Here is everything you ever wanted to know about the man, about his works, about works about him, and so on to the nth power of Crumb. Doyen of the underground, ur-Snoid, bad boy of the 80s. A comprehensive bibliography of Crumb in all media through 1980.

#R crumb snoid full#
Crumb Checklist of Work and Criticism - With a Biographical Supplement and a Full Set of Indexes by Donald M. If you only buy one of these volumes, this would be the one to go for, for its breadth and depth of material.The full title: R. The Snoid is an embodiment of all the bad things in Crumb’s personality, a manipulative, vindictive, angry, childishly gnome who, like Fritz the Cat and Mr Natural before him, exploits philosophical fads and popular trends to his own ends.ĭuring the period represented here Crumb turns away from psychedelia and Underground comics towards beautifully realised, observational work, and the result is quite splendid. Many of the factors touched on in ‘My Trouble With Women’ are seen, through a glass darkly, in the Snoid stories that make up the first part of the collection. Interestingly, chronological reprinting over this volume enables the reader to see some of the same material filtered through different approaches. Funny, insightful and at times tender, My Troubles With Women represents a highpoint in the trend for confessional autobiographies. These include the first part of what would become his finest collection, My Troubles With Women.

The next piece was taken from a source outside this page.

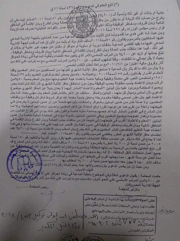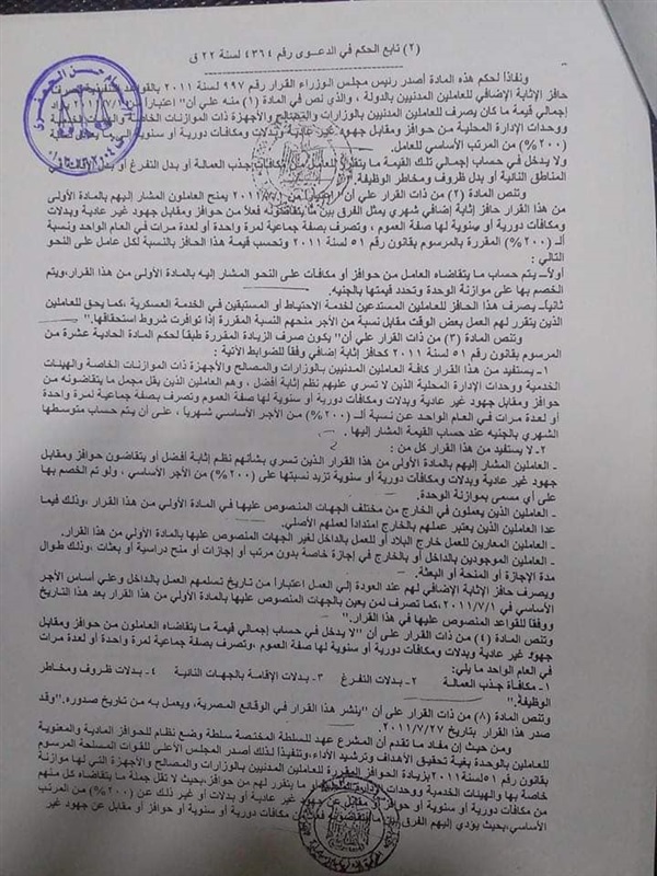 ننشر لكم حكم محكمة القضاء الإداري بمجلس الدولة بالإسماعيلية بأحقية المعلمين في حافز إثابة ٢٠٠ % من الأجر الأساسي لهم إعمالاً للمرسوم بقانون رقم (٥١) لسنة ٢٠١١ بربط الموازنة العامة للدولة لسنة ٢٠١١/ ٢٠١٢ وبتعديل بعض أحكام قانون الضريبة على الدخل

Increasingly self-aware and self-mocking, but also teasingly contradictory, Crumb’s work in this volume turned further towards autobiography and depicting real life, with several excellent collaborations with Harvey Pekar from American Splendor, as well as a number of confessional tales. Crumb’s art rarely looked unfinished, but here we see what he can do when he composes pages and inks carefully. Crumb’s rate of production was slowing – this volume spans 1978 to 1981 – and the quality of his output was going up. The colour section reprints his Heroes of the Blues trading card set as well a number of album covers. There’s the realistic portraiture in his work on album covers for old blues and jazz artists, styles inspired by early newspaper strips, such as ‘The Adventures of Onion Head’ and the existential musings of the ‘Bearzie Wearies’, and the bigfoot, slapstick approach in ‘Bop It Out’. It demonstrates the great variety of drawing styles Crumb was able to command by this point. Volume 13 comes as close to perfection as this approach to reprinting material can come, with so much premium work here. Instead they have gathered every scrap of work, from album covers and flyers, to book illustrations and trading cards, as well as comic strips, of course. Fantagraphics, who should be applauded for their completist approach to noted underground and autobiographical comic artist Robert Crumb’s work from a scholarly point of view, could have produced several five star volumes by judicious editing. The problem with collecting the life’s work of an artist in chronological order is you have to take the outstanding with the less impressive work wherever it falls.